我是在windows下使用curl测试的。多尝试几次后，该域名对应的ip将无法被ping通，在几分钟后又恢复。这个问题是区域性的，我使用腾讯云上海服务器和其他省份的网络测试，并没有这个问题。
I tested it using curl on Windows. After several attempts, the IP corresponding to the domain name becomes unreachable by ping, but it recovers after a few minutes. This issue is regional.

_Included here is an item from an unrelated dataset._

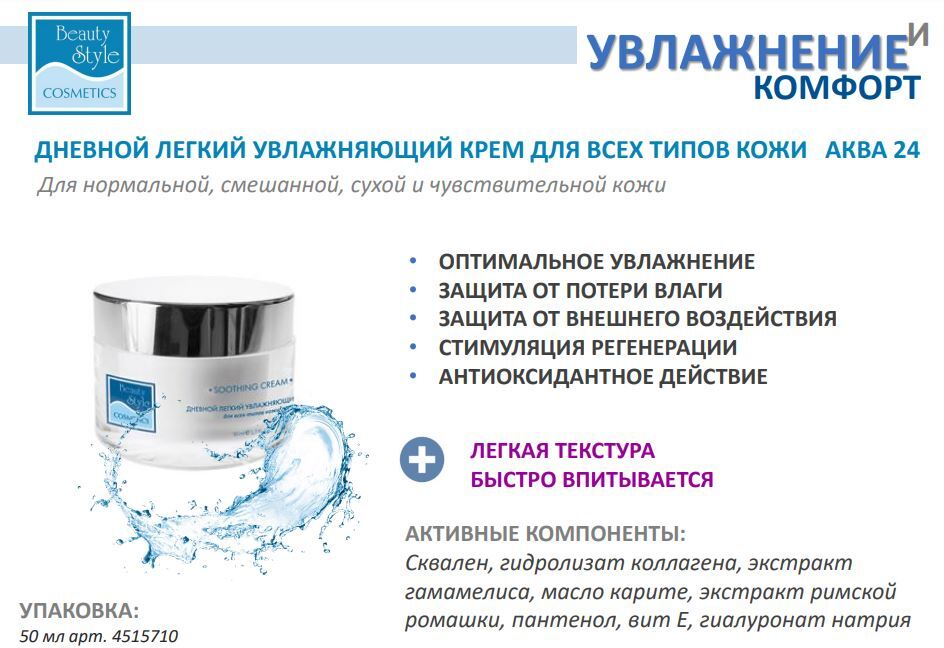 Beauty Style Дневной легкий увлажняющий крем для всех типов кожи, 50мл.

I tested it using Tencent Cloud's server in Shanghai and networks from other provinces, and there was no such issue.

[intmain0]

尝试运行openssl s_client -connect gost.run:443 --tls1_2 -status和openssl s_client -connect gost.run:443 --tls1_2，丢包的位置完全一样，所以应该可以排除ocsp的问题？
I tried running these two openssl commands, and the packet loss occurs at the exact same location, so the OCSP issue can probably be ruled out.

[toorich]

I thought, perhaps, it might have to do with OCSP, but in that case, it would probably also fail with TLS 1.3.

然而并不是。我在TLS 1.3下从未遇到过上述情况。因为TLS 1.2在握手阶段证书是明文传输的，我更倾向于是通过证书的特征封。

But NO. I have never encountered the above case under TLS 1.3. Because TLS 1.2 transmits certificates in the clear during the handshake phase, I prefer to block it by the characteristics of the certificate.